═════ INPUT FOR THIS TASK ═════

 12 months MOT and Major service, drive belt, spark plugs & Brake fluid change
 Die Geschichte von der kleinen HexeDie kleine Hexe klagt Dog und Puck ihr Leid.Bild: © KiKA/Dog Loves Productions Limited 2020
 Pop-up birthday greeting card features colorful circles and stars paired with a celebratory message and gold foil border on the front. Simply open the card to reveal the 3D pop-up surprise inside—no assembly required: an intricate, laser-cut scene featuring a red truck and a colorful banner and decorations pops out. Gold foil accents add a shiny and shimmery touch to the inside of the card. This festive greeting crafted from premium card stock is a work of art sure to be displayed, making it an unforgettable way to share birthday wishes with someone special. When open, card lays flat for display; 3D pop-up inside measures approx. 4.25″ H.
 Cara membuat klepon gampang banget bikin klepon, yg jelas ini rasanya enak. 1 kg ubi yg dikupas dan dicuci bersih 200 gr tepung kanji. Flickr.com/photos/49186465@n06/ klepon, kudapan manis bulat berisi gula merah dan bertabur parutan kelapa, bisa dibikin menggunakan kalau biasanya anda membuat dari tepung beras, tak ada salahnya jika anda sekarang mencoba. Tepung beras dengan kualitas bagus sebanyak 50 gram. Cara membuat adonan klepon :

═════
═════ INPUT FOR THIS TASK ═════

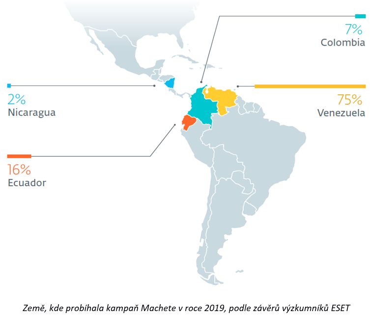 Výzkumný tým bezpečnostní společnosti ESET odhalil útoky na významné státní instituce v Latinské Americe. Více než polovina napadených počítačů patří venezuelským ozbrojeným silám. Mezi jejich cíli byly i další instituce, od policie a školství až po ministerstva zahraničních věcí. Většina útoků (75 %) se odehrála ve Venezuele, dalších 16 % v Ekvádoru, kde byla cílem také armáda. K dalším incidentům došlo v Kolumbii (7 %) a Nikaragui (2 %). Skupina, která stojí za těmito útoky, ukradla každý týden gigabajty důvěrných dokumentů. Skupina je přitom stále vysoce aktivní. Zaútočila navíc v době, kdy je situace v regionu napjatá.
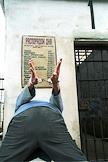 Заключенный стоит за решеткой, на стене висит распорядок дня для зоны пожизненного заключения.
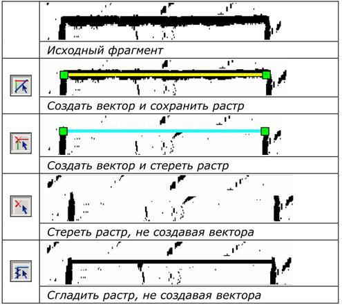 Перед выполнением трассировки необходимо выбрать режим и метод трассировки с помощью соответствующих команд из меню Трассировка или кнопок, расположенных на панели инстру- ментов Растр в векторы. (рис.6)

═════

## WHAT YOU NEED TO DO:
The exact lines of the material above starting at the one that contains "Die Geschichte von" and ending at the one that contains "Cara membuat klepon" are what to retype; leave out everything else.

## FINAL ANSWER:
 Die Geschichte von der kleinen HexeDie kleine Hexe klagt Dog und Puck ihr Leid.Bild: © KiKA/Dog Loves Productions Limited 2020
 Pop-up birthday greeting card features colorful circles and stars paired with a celebratory message and gold foil border on the front. Simply open the card to reveal the 3D pop-up surprise inside—no assembly required: an intricate, laser-cut scene featuring a red truck and a colorful banner and decorations pops out. Gold foil accents add a shiny and shimmery touch to the inside of the card. This festive greeting crafted from premium card stock is a work of art sure to be displayed, making it an unforgettable way to share birthday wishes with someone special. When open, card lays flat for display; 3D pop-up inside measures approx. 4.25″ H.
 Cara membuat klepon gampang banget bikin klepon, yg jelas ini rasanya enak. 1 kg ubi yg dikupas dan dicuci bersih 200 gr tepung kanji. Flickr.com/photos/49186465@n06/ klepon, kudapan manis bulat berisi gula merah dan bertabur parutan kelapa, bisa dibikin menggunakan kalau biasanya anda membuat dari tepung beras, tak ada salahnya jika anda sekarang mencoba. Tepung beras dengan kualitas bagus sebanyak 50 gram. Cara membuat adonan klepon :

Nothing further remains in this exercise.